Crystals can grow at an astonishing rate if the right conditions are present. For instance, large industrial quartz crystals can be grown in laboratories in a matter of days under controlled conditions. Ice crystals can also form quickly in lakes or puddles overnight. And, the giant crystals in pegmatites can also grow rapidly.
Crystals tend to grow faster in warmer temperatures due to the quicker evaporation of the liquid containing the dissolved material. Additionally, a slow crystallization process encourages the growth of larger crystals. Figure 3.17 shows the crystallization of acetanilide from water with two different velocities. The crystals that grew in Figure 3.17a formed much faster and are smaller than the larger and slower growing crystals in Figure 3.17b.
For crystals to have enough time to grow, the evaporation rate must be slow. The evaporation rate of beakers, crystallization plates, Petri dishes and watch crystals can be regulated by covering the plate with aluminum foil and drilling holes in the foil. The foil delays evaporation compared to an open container, while the holes allow some solvent vapor to escape, preventing a completely closed system. The number of holes in the sheet can be increased for less volatile solvents, or fewer holes can be made to slow the evaporation of a highly volatile solvent. Nucleation occurs relatively slowly since the initial crystalline components must collide with each other in the correct orientation and location for them to adhere and form the crystal.
Crystal growth is an important stage in a crystallization process and consists of the addition of new atoms, ions or polymer chains in the characteristic arrangement of the crystal lattice. This will stimulate crystals to grow on the side of the vial, as there is more solvent in contact with the side and the angle prevents the newly formed crystals from falling directly to the bottom of the vial. Therefore, the magnitude of the force of attraction in a 25 mm crystal that captures ions from its immediate vicinity will be 10 thousand times greater than in a 2500 mm crystal that has exhausted its immediate environment and has to attract ions at much greater distances. In general, it is believed that mechanical and other properties of a crystal are also relevant to its growth rate, and that its morphology provides a link between growth kinetics and physical properties. Similarly, crystallization can be considered as a crystal lattice that collects solutes from a solution.
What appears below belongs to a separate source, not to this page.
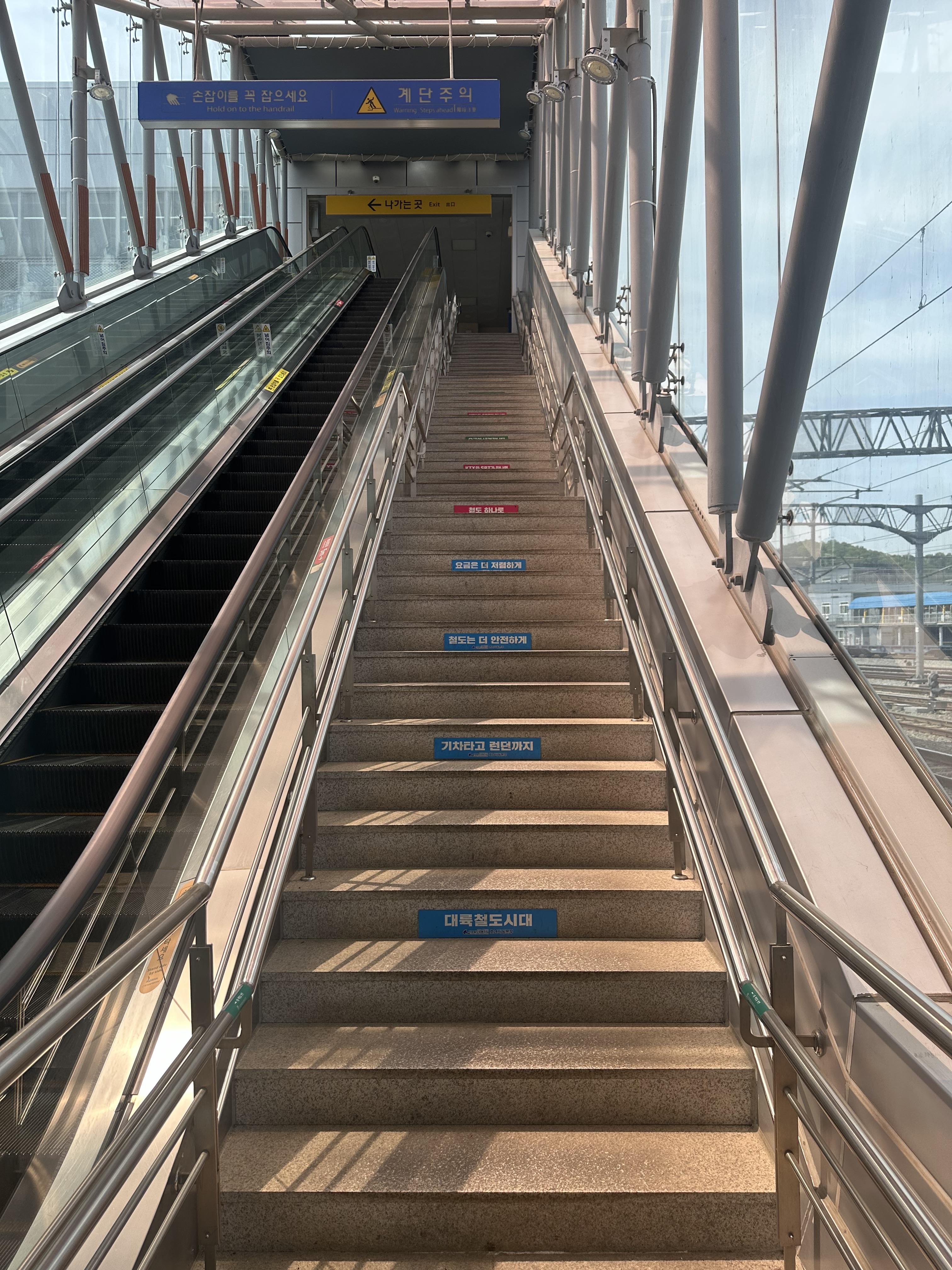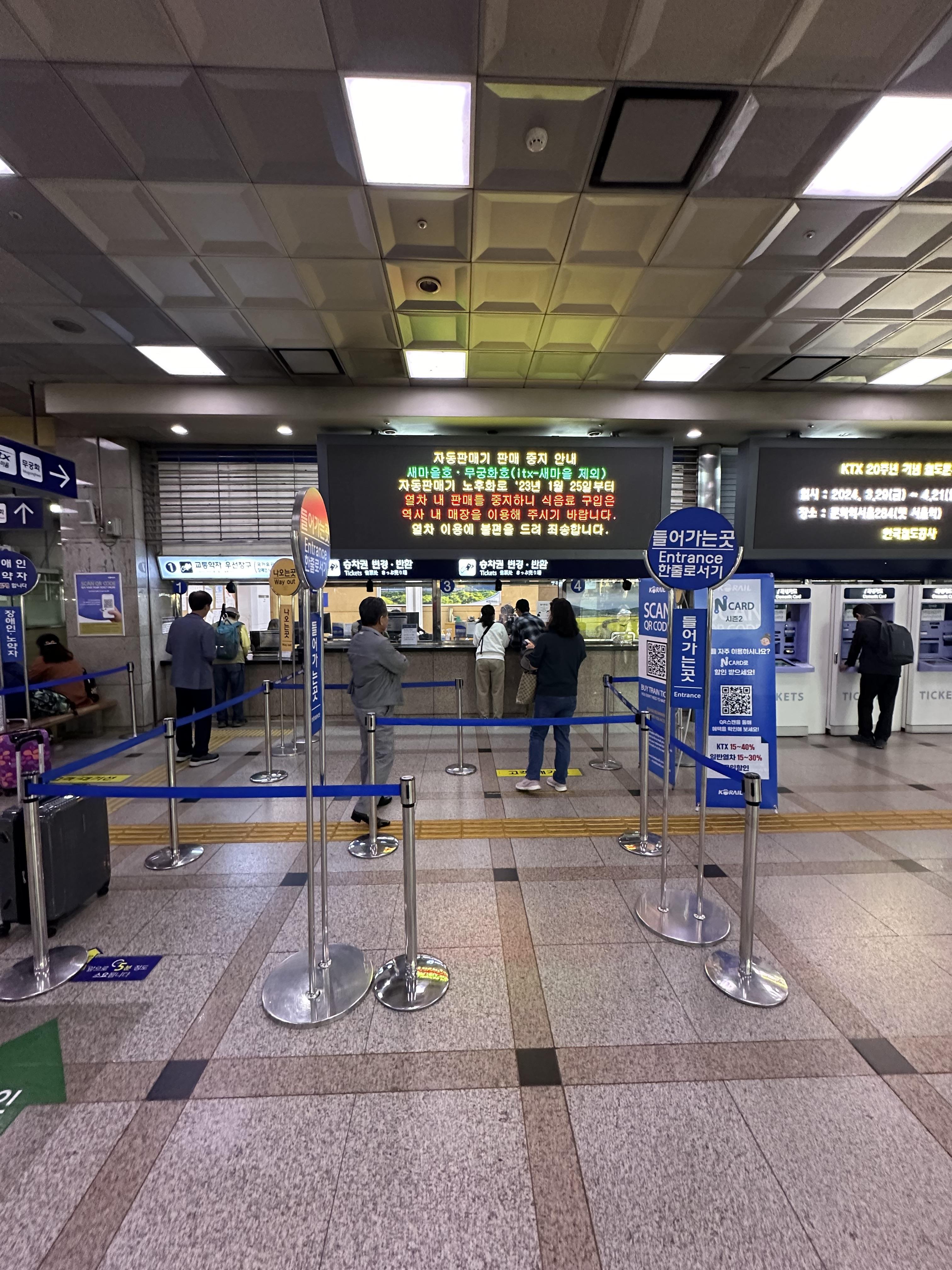 과거에는 역사 내 대합실에 위치한 매표소에서 줄을 서서 열차 표를 구매 했었는데요. 요즘은 철도 역사 내에서도 키오스크가 있어서 직원 통하지 않고도 편하게 구입 할 수 있습니다. 키오스크가 아니더라도 앱을 통해 몇일전 간편하게 예약을 할 수 있습니다. 지하철의 경우 이미 10년전부터 매표소가 사라지고 거의 키오스크를 이용하거나 후불 교통 카드를 사용 하고 있는데요. 아무래도 장거리로 이동하는 열차의 경우에는 미리 표를 구하지 못하거나 입설이라도 구해야 하는 경우에는 이렇게 현장에 와서 직원을 통해 구하는 경우도 볼 수 있습니다. 혹은 나이가 드신 어르신분들의 경우에는 직원을 통해도움을 받는 경우도 많이 있습니다. 수원역 2층이라고 할까요 열차 대합실에서도 지하철역과 쉽게 갈 수 있도록 연결 되어있습니다. 저같은 경우 로데오거리를 보기 위해 지하에서 올라와서 다시 광장에서 왔습니다. 만약 1호선 지하철을 타고 오시는 분이라면 열차 대합실로 가는 계단이 있으니 계단으로 오면 좀 더 빠르게 올라 올 수 있습니다.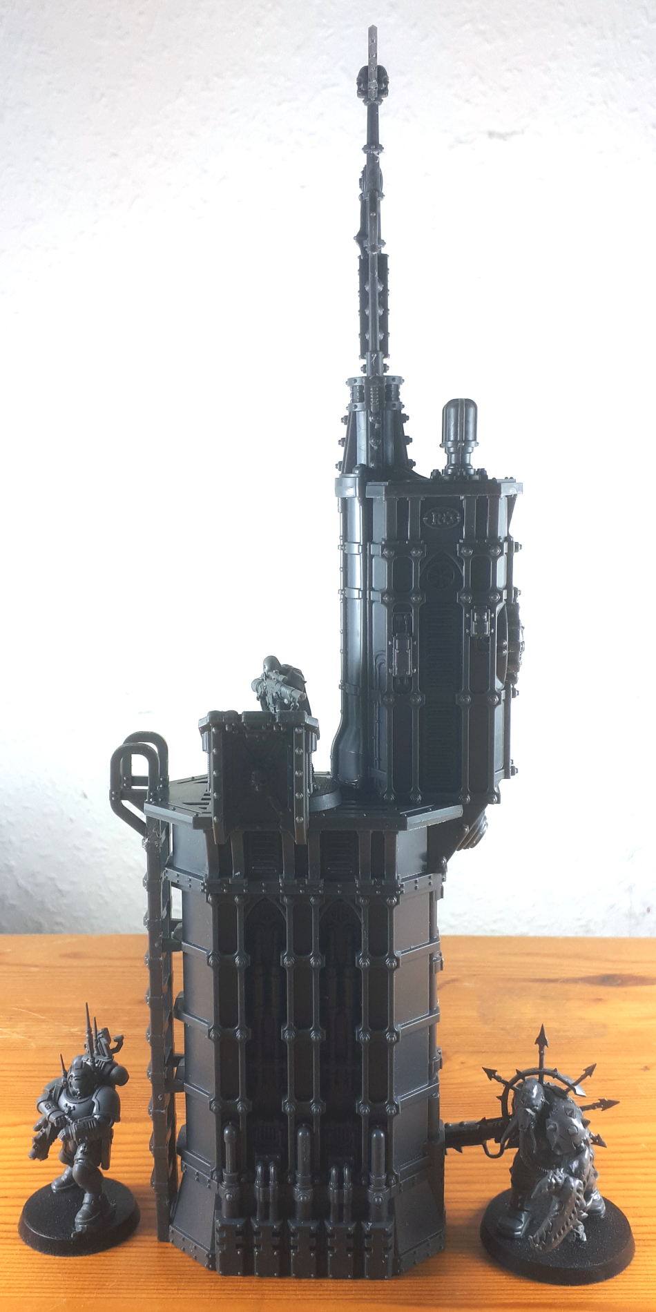 Würde man noch Grundregeln, Würfel und Schablonen dazu packen wäre man sofort spielbereit. Jeder Spieler erhält ein komplettes Kill Team. Etwas Schade dabei ist, dass das Phobos-Kill-Team theoretisch noch Reiver aufstellen könnte, aber keine entsprechenden Modelle enthalten sind. Die Zusatzbitz ermöglichen es die Marines zu individualisieren und so lässt sich jeder Spezialist eindeutig zuordnen. Die Vernarbten stellen gut eine zum Chaos übergelaufene Gruppe der Imperialen Armee dar, deren Ursprung man immer noch ohne weiteres erkennen kann. Ein paar „spickey bits“ hier, eine mit einem darüber getackterten Stück Metall notdürftig ausgebesserte Rüstung dort. Es sind eben Überläufer, die nicht sofort an der nächsten Ausgabe für Chaosanbeterrüstungen vorbei kamen. Auch Mutationen finden sich wenig bis gar keine. Das Gelände ist zwar für sich genommen toll und sieht super aus, aber in einem Spiel wie Kill Team erwartet man eher einiges an Schutthaufen und kleineren Barrikaden und weniger den Bunkeransturm über 300 Meter offenes Gelände. Natürlich bringt das Regelbuch einige passende Szenarien für das enthaltene Gelände mit. Der aktuelle Preis ist gegenüber den bisherigen Boxen erneut ein wenig gestiegen, gegenüber dem Einzelkauf findet sich hier aber auch wieder eine kleine Ersparnis.

It took more than three years, an excursion to collect crystal samples from a pegmatite mine in Southern California, hundreds of laboratory measurements to accurately map out their chemical composition, and a deep dive into some materials science articles from 50 years ago to create a model Mathematician who could transform chemical profiles into crystal growth rates. Recrystallizations for purification purposes are a well-known and widely applied technique, but cultivating crystals suitable for single-crystal X-ray diffraction (XRD) is less well known and is more of an art than a science. The electrostatic force that attracts ions to growing crystalline faces weakens with the square of the distance to the crystal. We observed that time scales of crystal growth in pegmatitic systems can approximate those of slow sliding and seismic fluence, raising questions about whether crystal growth may be important during failure or fault healing. Very small holes reduce maximum resolution at which glass diffracts, larger holes destroy it. If after two weeks no crystals have formed in a sample, it may be time to reconsider your culture technique with solvents or crystals and try another method. According to the old Garbage In = Garbage Out rule, a crystal structure is only as good as its glass used for data collection.
Because favorable conditions for crystal growth are likely fleeting, it is logical to assume that crystal growth should occur over a relatively short period of time.